Considering the FBI’s history with COINTELPRO, it isn’t a great look that they used a leader of the Proud Boys to inform them about people standing up to Neo-Nazis, white supremacists, and the Proud Boys themselves.
According to NBC News, a court filing revealed that before he was arrested after being among those who stormed the Capitol on Jan.6, Proud Boy leader Joseph Biggs was recruited by FBI agents in July 2020 to inform them about what he was “seeing on the ground,” with regard to antifa. Biggs’ lawyer, J. Daniel Hull, claimed in the filing that Biggs spoke with the two agents frequently. The court filing claimed that the agents would give Biggs “cautionary” calls that weren’t only looking for information, but also gave Biggs advice on how he should proceed with certain Proud Boys events.
“These talks were intended both to inform law enforcement about Proud Boy activities in Portland on a courtesy basis but also to ask for advice on planned marches or demonstrations, i.e., what march routes to take on Portland streets, where to go, where not to go,” Hull wrote.
From NBC News:
The FBI and the Justice Department had launched a number of investigations into extremist groups around that time. They were focused on whether people were violating federal law by crossing state lines to commit violence or whether anyone was paying to send antifa followers to commit violence, a law enforcement official told The Associated Press. The official could not discuss the investigations publicly and spoke to the AP on condition of anonymity.
FBI agents responded to police stations in several cities, including New York, to question suspects arrested during protests and focused on those who self-identified as followers of the movement, the official said.
But investigators struggled to make any cases, in part because there is no hierarchical structure to antifa; it’s not a single organization but rather an umbrella term for far-left-leaning militant groups that confront or resist neo-Nazis and white supremacists at demonstrations, according to the official.
Do you generally not fuck with fascism and white supremacy? Congrats! You’re in antifa.
It’s been known since like 2016 that antifa isn’t an actual organization, so the fact that the FBI decided to cozy up with a Proud Boy, as protests against police brutality and white supremacy were surging, is certainly telling. It sends the message that violent white supremacists aren’t the problem, the people who confront them are.
Which, I mean, that’s just America being America. I can’t say I’m surprised that an institution built on preserving white supremacy is operating as originally intended.
Advocates, such as Eric Ward, executive director of the Western States Center, an organization that tracks hate groups, have found the revelation that some FBI agents were working with a Proud Boy disturbing and only furthers the notion that law enforcement is sympathetic towards and unnecessarily close with many far-right organizations.
“Law enforcement has no credible reason for working with someone like Biggs.
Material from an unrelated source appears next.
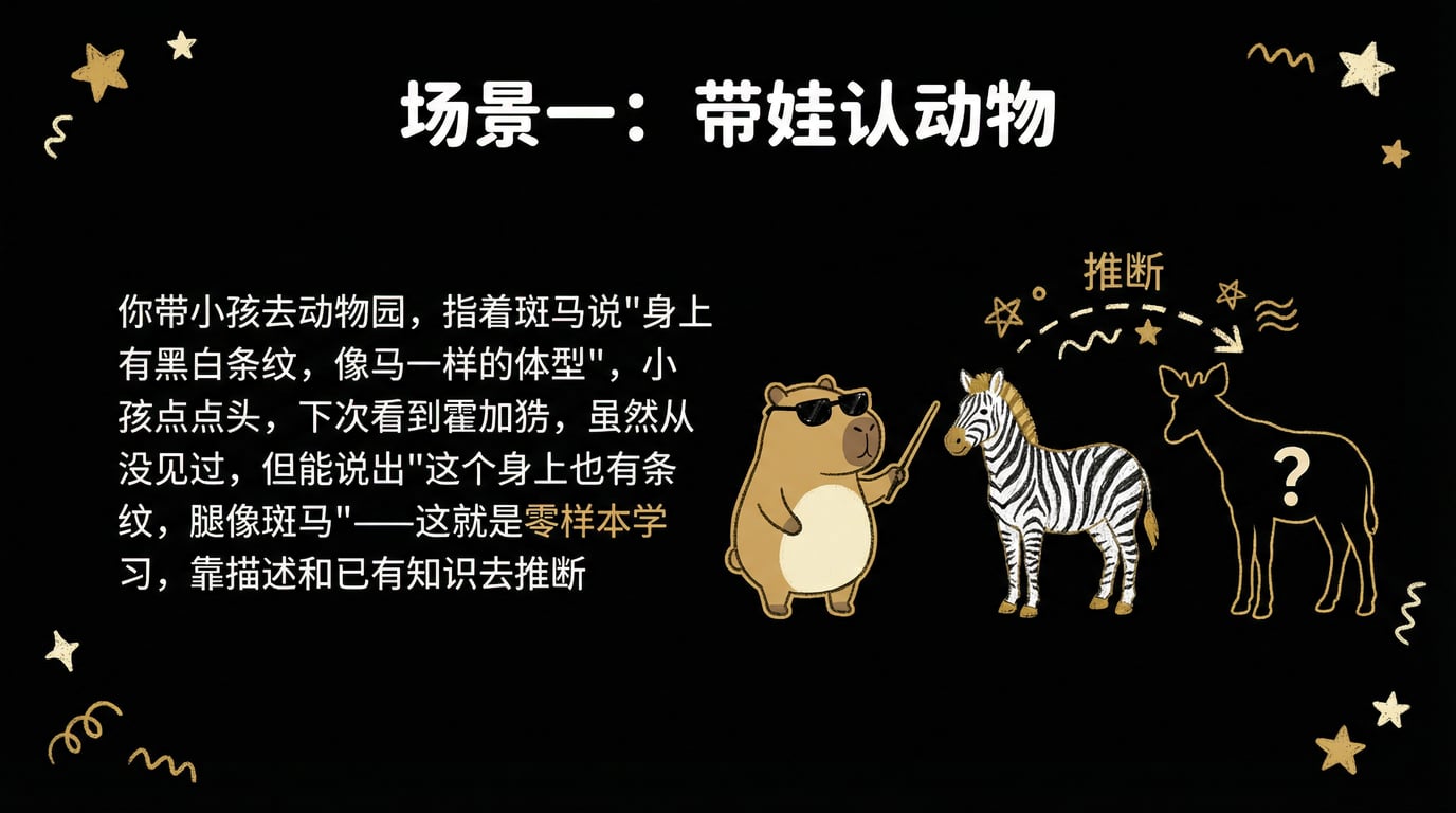你带小孩去动物园,指着斑马说,"这是斑马,身上有黑白条纹,像马一样的体型",小孩点点头,下次看到霍加狓,虽然从没见过,但能说出"这个身上也有条纹,腿像斑马",这叫零样本学习------没见过实物,靠描述和已有知识去推断

It’s long past time for a clear accounting of institutional and professional law enforcement relationships with groups espousing political violence at home and abroad,” Ward told NBC News in an email.
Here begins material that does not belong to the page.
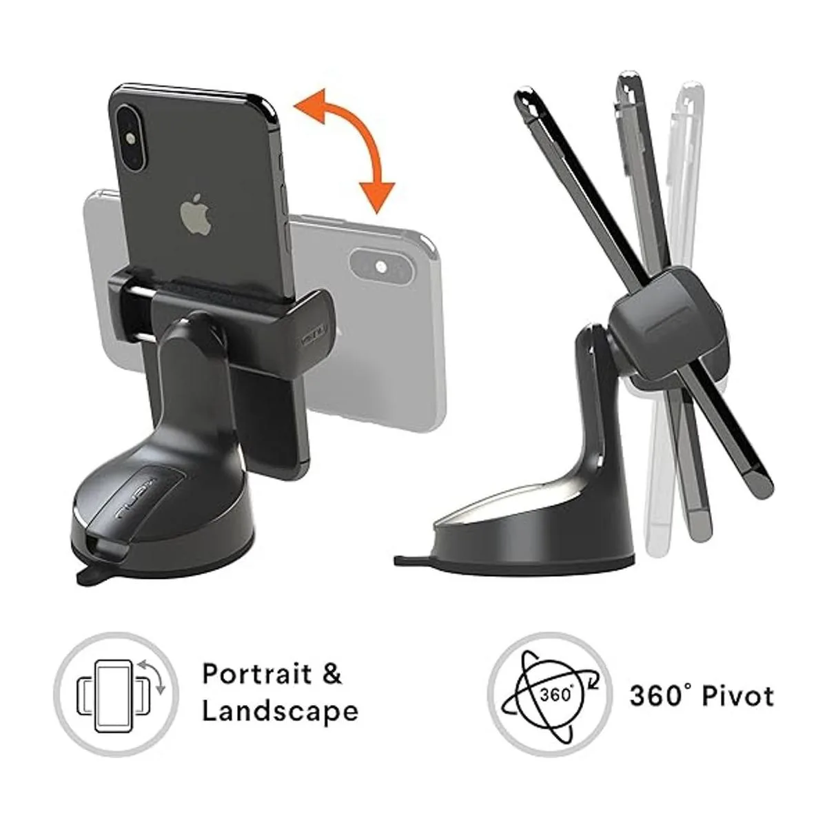 Pivote de 360: una junta de bola y enchufe notablemente suave permite que el teléfono se coloque en cualquier ángulo, manteniendo la pantalla de forma segura a la vista como uno de los accesorios de coche más versátiles del mercado.

Biggs and three other Proud Boys were indicted earlier this month on charges that they helped coordinate and plan an attack on the Capitol to prevent Congress from certifying Joe Biden’s electoral college victory. Biggs’ lawyers are currently arguing that he shouldn’t be incarcerated while he awaits trial as his information was essential to helping the FBI “gather intelligence about antifa in Florida and antifa networks operating across the United States.”